In class, we decided to read a book called The Marketplace of Attention. It talks about how audiences take shape in the Digital Age. Webster describes the factors that create audiences, including the preferences and habits of media users, the role of social networks, the resources and strategies of media providers. He also explains the growing impact of media resources from ratings to user recommendations. He shows us our greatest hopes and fears of digital media.

Webster shows that public attention is at once diverse and concentrated. Users move across a variety of outlets and producing high levels of audience overlap. He questions whether or not our preferences our immune from media influence and describes how our encounters with media might change our tastes. Each chapter describes a certain aspect he talks about in digital media.

The chapter I was chose to talk about was constructing the marketplace of attention. I decided to talk about what open versus closed structures meant.

According to Marketplace of Attention, “Openness is a function of many things, including technology, institutional practices, and how people use those resources. Whereas the optimists see open structures allowing people to consume, create. And share a varied diet of media, the pessimists see closed structures filtering out discordant media encounters and balkanizing people into groups that are prone to various forms of social polarization.”
In a closed system, it may cause users to take multiple directions and even “spin out of control.” They are more lest likely to be open minded about certain things. This kind of mechanism is called “echo chambers” and “group polarization.”

Open systems encourage crosscutting encounters. This means when you don’t put a limit on what people can see, it is more likely going to be more interest in certain things people wouldn’t normally be interested.
This chapter also discussed things such as when someone tweets or shares something even if we don’t like it, we most likely will click on it. We click on these types of things because our friends posted them and they found it interesting. Most of the time the things we see on Facebook are shared. I know for a fact that I probably would not know much about certain things that are posted on Facebook. There are things that people post that in their opinion is important them. This causes you to be introduced to a verity of new things.
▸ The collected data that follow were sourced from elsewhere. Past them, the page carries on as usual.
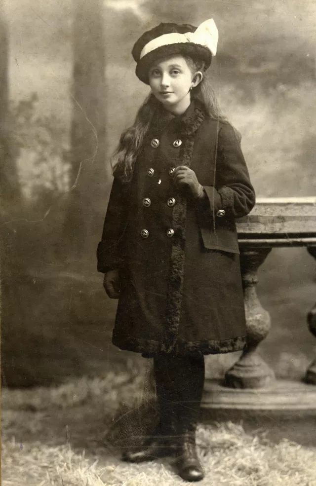 In this photo my mother, Ella Wernerova (nee Weissensteinova) is around eight or nine years old, her parents had her portrait taken in Nachod at the Langhans studio.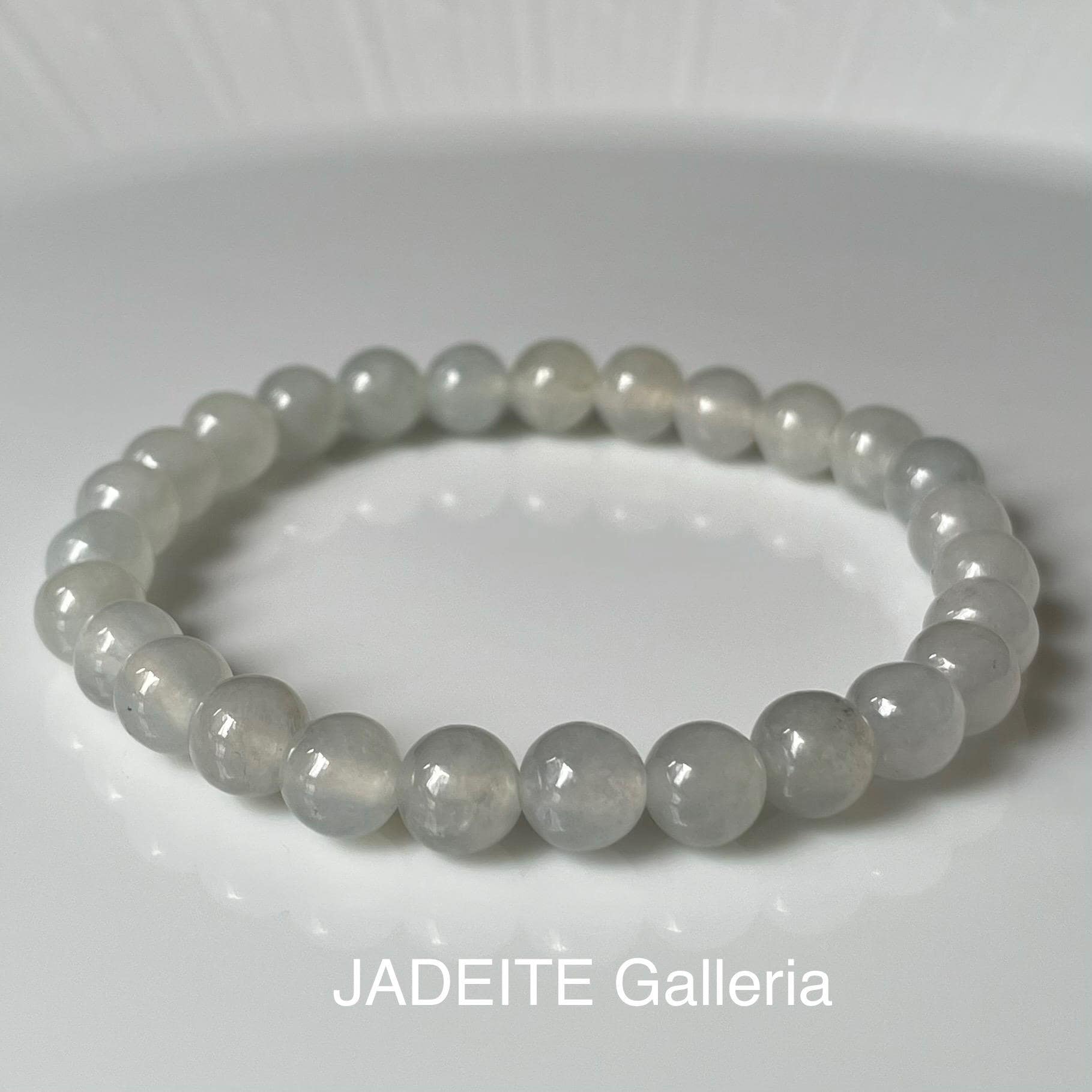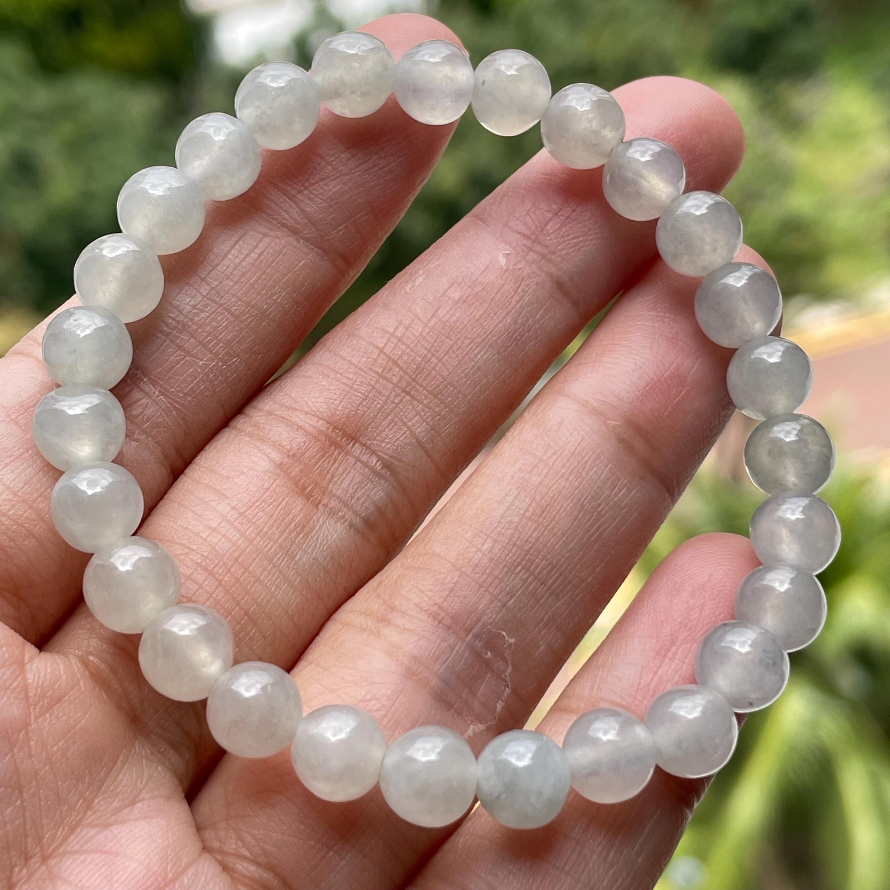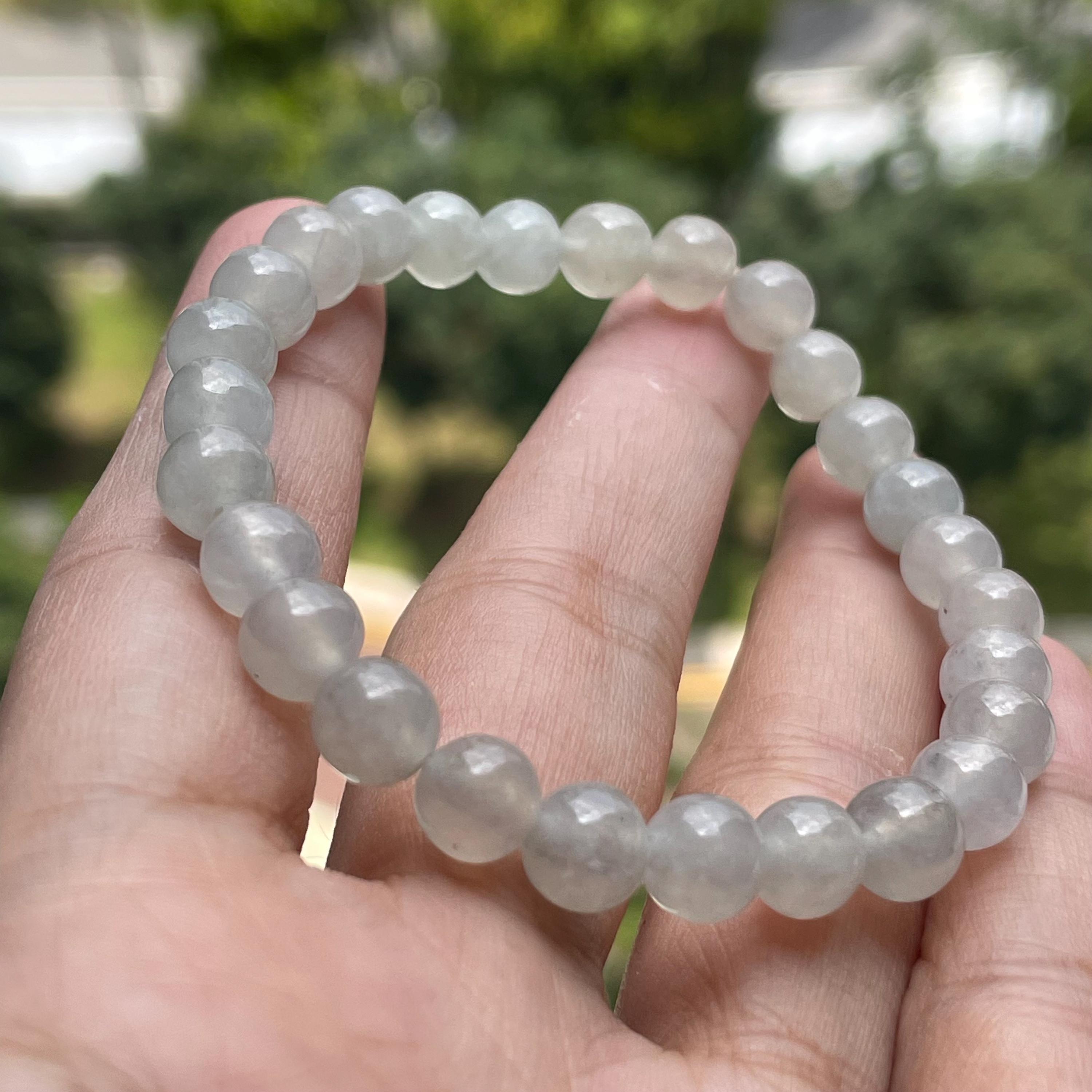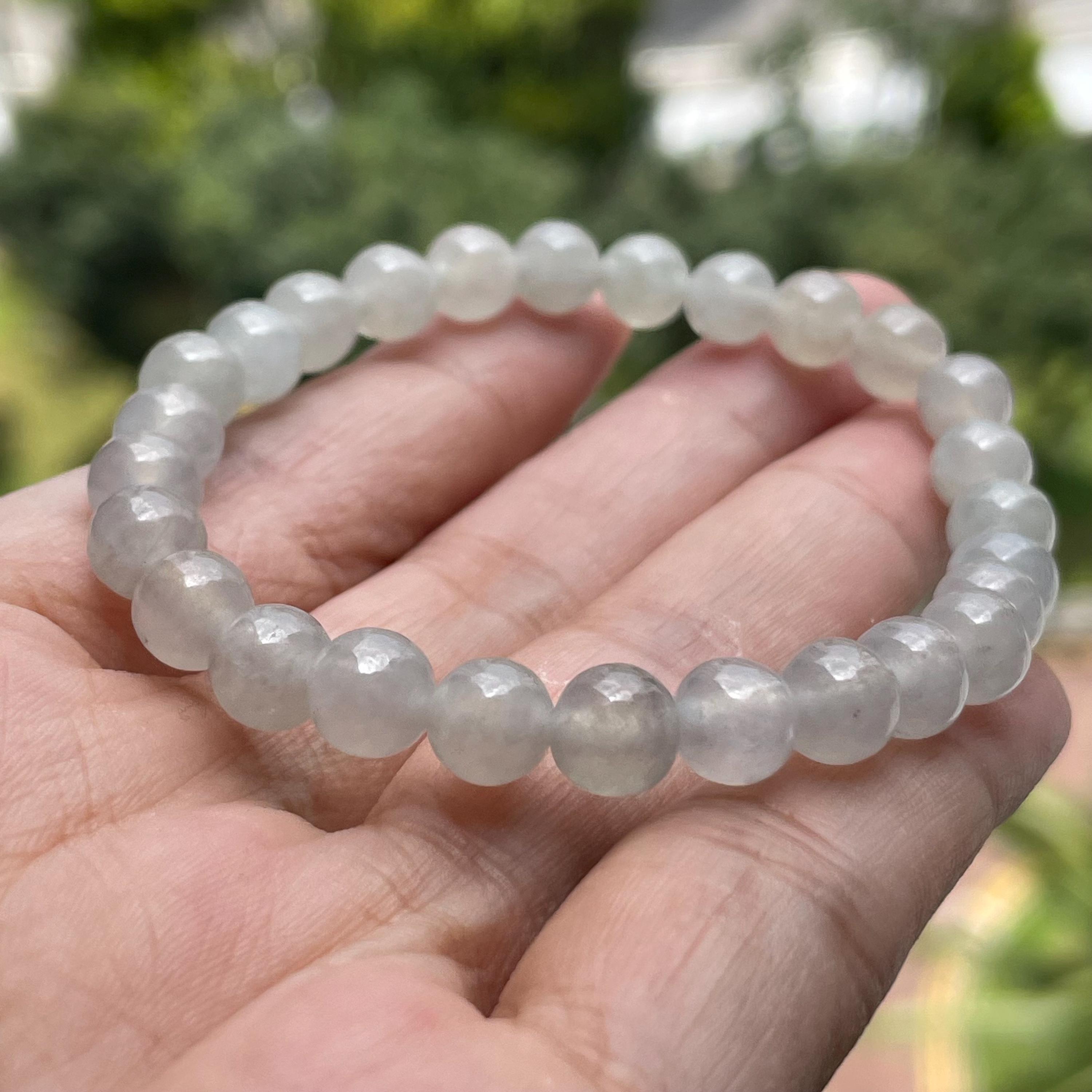 This Jadeite Jade Bead Bracelet is Free of Treatment from Artificial coloring/bleaching/chemical infilling. It occupies natural white color/ colorless with high translucency and vitreous luster. 27 pieces of round jade beads are threaded on elastic string.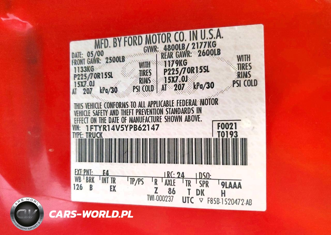Copart Nr: C-98269295 VIN: 1FTYR14V5YPB62147 Port: Los Angeles, CA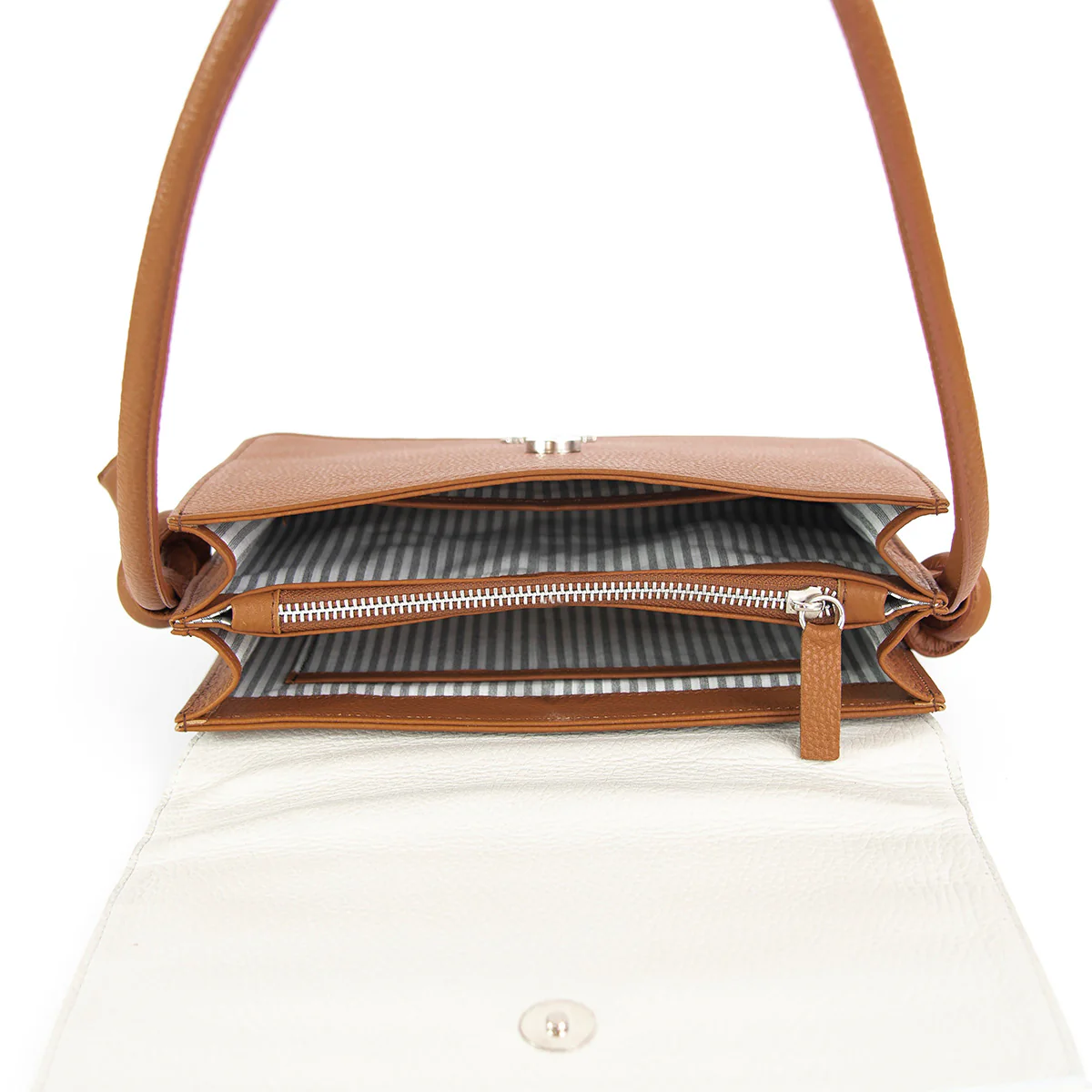 Hecha a mano en 100% cuero, con una solapa con broche imán para un acceso fácil y seguro. El interior de tela y detalles en cuero ofrece dos compartimentos principales: un bolsillo guantero y una división doble fuelle para mayor organización.

“A somewhat less obvious conceptualization of structures organizes them by their obtrusiveness. Obtrusive structures are apparent to users. As such, people can actively choose to use them or not. “(Webster p.132)

Obtrusive and Unobtrusive structures were also talked about in this chapter. It talked about how we have so many social media sites or websites in general that we don’t have to necessarily all use the same one. For example, some people use Netflix and some people would rather use Hulu to watch TV shows and movies. Hulu is more for television shows that are still going on so you can watch them without commercials. Netflix is more about less commercials and provides you with the option of watching movies.

“There is a growing body of research on a second generation “digital divide’ that finds some people are quite knowledgeable about the digital resources at their disposal and others are barely literate. A computer programmer might understand how search algorithms work and take their advice with a grain of salt. But many people are more naive or completely oblivious,” (Webster, p.133).

This chapter was very interesting seeing how users really interact and the effect that it has on digital media.